Demikian hal ini disampaikan oleh DJPPR Kemenkeu dalam rapat dengar pendapat dengan Komisi XI Dewan Perwakilan Rakyat pada Selasa 7 Februari 2023 di Jakarta. Dalam kesempatan itu, Suminto selaku Direktur DJPPR menyampaikan bahwa, selama tahun 2022 pihaknya telah menarik pinjaman luar negeri tunai senilai Rp 65,59 Triliun dari enam lembaga international, salah satunya World Bank. Mendengar penyampaian Sumitro, wakil ketua Komisi XI merespon dan meminta penjelasan seraya bertanya. “Penarikan pinjaman luar negeri itu kapan? Persetujuan yang kita berikan itu kapan? Di mekanisme mana? Karena kita nggak pernah membahas, misalnya ada pinjaman dengan World Bank, dengan mana-mana itu belum pernah kita bahas,” kata Dolfie Othniel Frederic Palit, seperti ditulis detikfinance.com. Menjawab itu, Suminto mengatakan bahwa dalam melaksanakan pinjaman luar negeri baik tunai maupun proyek memiliki proses panjang. Dalam perjanjian pinjaman itu diakui tidak melalui persetujuan DPR satu per satu, melainkan hasil kegiatannya yang akan dibahas dan disampaikan oleh kementerian/lembaga dengan komisi terkait.
Menurut Dolfie, berdasarkan Undang-Undang pinjaman yang membebani keuangan negara harus melalui persetujuan DPR RI. Untuk itu, dia minta ke depan harus ada persetujuan DPR RI jika tarik pinjaman luar negeri. Pada kesempatan itu, DJPPR juga menyampaikan rencana pinjaman luar negeri senilai Rp 696,4 Triliun lagi guna mendanai pembiayaan APBN Tahun Anggaran 2023. “Pemenuhan utang itu untuk membiayai defisit senilai Rp 598,2 Triliun dan pembiayaan non utang Rp 98,2 Triliun,” ujar Suminto yang disampaikan kepada anggota DPR Komisi XI dalam rapat tersebut. Suminto menjelaskan sumber pembiayaan utang tadi bakal berasal dari penerbitan Surat Berharga Negara (SBN) sebesar 90 persen-95 persen dan pinjaman sekitar 5 persen-10 persen.

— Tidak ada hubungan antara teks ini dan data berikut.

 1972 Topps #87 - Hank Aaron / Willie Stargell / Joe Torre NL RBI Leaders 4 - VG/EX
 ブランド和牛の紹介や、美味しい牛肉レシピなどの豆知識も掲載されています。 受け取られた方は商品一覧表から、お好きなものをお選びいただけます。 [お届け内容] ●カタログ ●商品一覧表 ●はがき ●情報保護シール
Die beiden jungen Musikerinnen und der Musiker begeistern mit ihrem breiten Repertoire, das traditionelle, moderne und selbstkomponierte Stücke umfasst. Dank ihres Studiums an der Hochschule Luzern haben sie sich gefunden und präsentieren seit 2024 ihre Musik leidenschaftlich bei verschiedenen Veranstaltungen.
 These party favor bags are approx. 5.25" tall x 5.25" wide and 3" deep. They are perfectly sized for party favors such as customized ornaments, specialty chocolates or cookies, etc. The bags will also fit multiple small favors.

Untuk utang dari SBN secara rinci adalah sekitar 69-75 persen dilakukan dengan menerbitkan SBN domestik non ritel, 10-15 persen melalui SBN ritel, dan 13-16 persen melalui SBN valuta asing (valas). Sedangkan, utang dari pinjaman secara rinci adalah 4-6 persen bakal dilakukan melalui pinjaman program, Rp32,6 triliun melalui pinjaman luar negeri proyek, dan Rp3,5 triliun melalui pinjaman dalam negeri.

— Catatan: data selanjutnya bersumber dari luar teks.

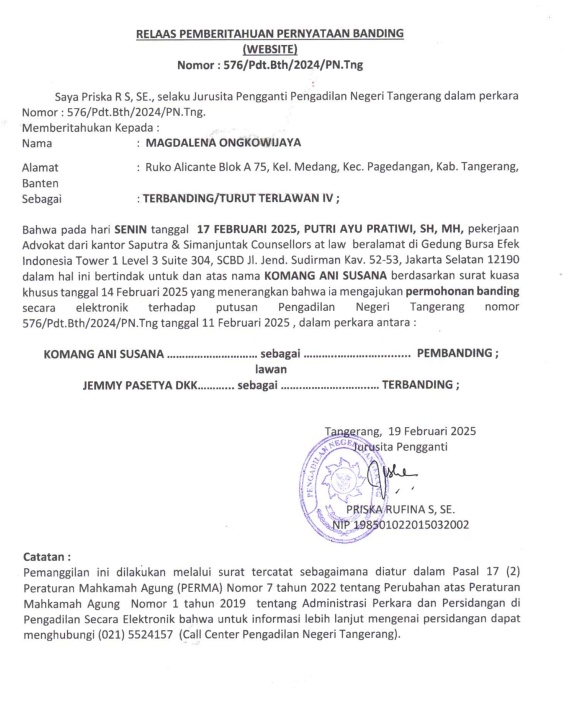 RELAAS PEMBERITAHUAN PERNYATAAN BANDING NO. 576/Pdt.Bth/2024/PN Tng (An. MAGDALENA ONGKOWIJAYA)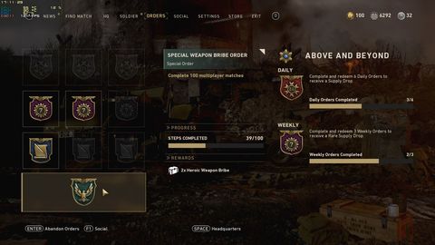 Említik, hogy bugos a Heroic Weapon Bribe, amihez volt a napokban egy 100 multi meccses Special Order, de aztán kivették. Van még valaki, aki akkor felvette? Nem tudom, érdemes-e így foglalkozni vele, gyűjtögetni a meccsek számát, aztán ha visszakerül, annyival is előrébb lennék. Másrészt viszont ki tudja, mikor kerül vissza, ha egyáltalán...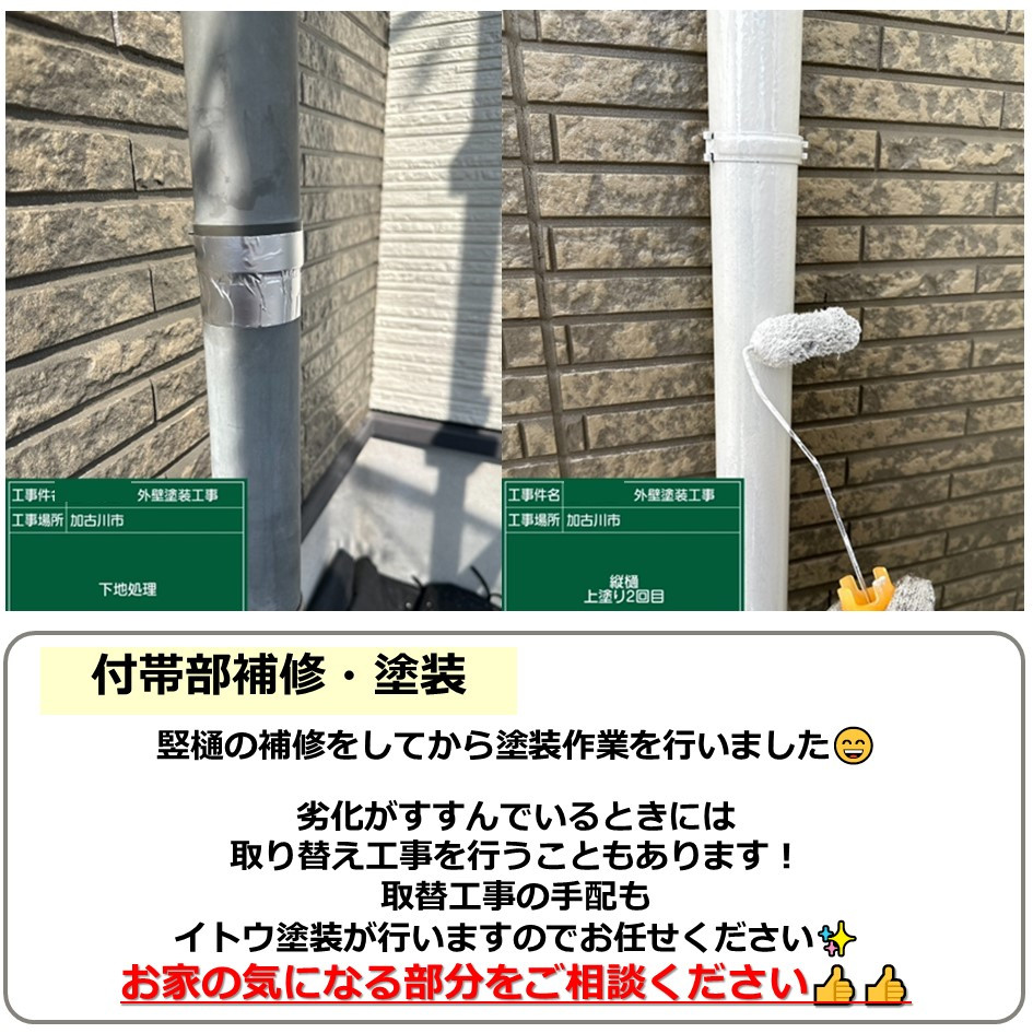 竪樋に劣化が見られましたので、補修をしてから塗装作業を行いました😄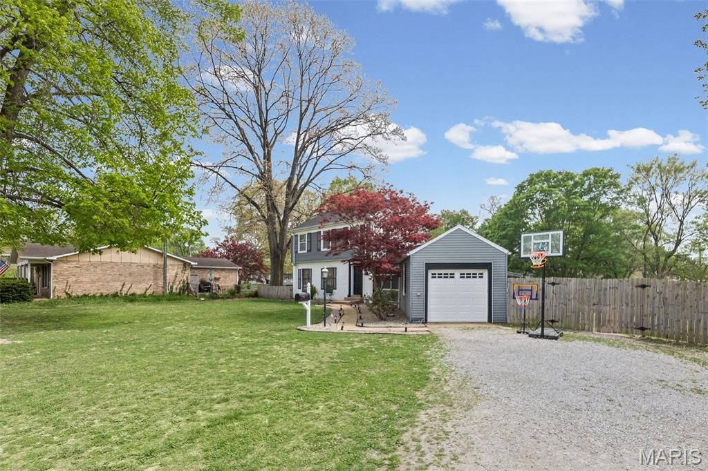 This classic 2-story Colonial is nestled on an expansive nearly 1/2-acre lot! This well-maintained home offers 3 spacious bedrooms and a full bath upstairs, along with a convenient half bath on the main level. The main floor features a welcoming living room with a wood-burning fireplace, formal dining room with built in cabinets, and flowing kitchen -perfect for everyday living and entertaining. Enjoy the unique breezeway connecting the home to the attached 1-car garage, adding both charm and practicality. The large lot provides ample parking, a fenced backyard, and beautifully landscaped outdoor space. Additional highlights include a full unfinished basement offering endless possibilities. Major updates include a new roof (2022), water heater (2024), and radon mitigation system (2018). Home is immaculate, move-in ready, has already passed City Occupancy Inspection and includes a 1-year home warranty for added peace of mind. Conveniently located near parks, schools, and just minutes from Scott Air Force Base!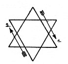 В этой гексаграмме вершина нижнего треугольника обращена вниз, поэтому её можно начертить одним круговым движением.

Menurutnya, untuk penerbitan SBN akan dilakukan secara transparan. Lelang akan dilakukan secara bergantian dengan Surat Utang Negara (SUN) dan Surat Berharga Syariah Negara (SBSN). “Sebagian besar utang kita diterbitkan dalam bentuk SBN tentu cost of fund ditentukan suku bunga di market. Kita bersama otoritas yang lain mengelola sektor keuangan dengan baik yang berdampak pada suku bunga di market, dalam konteks spillover dari kondisi perekonomian dan sektor keuangan secara global,” pungkasnya, seperti ditulis CNNIndonesia.com.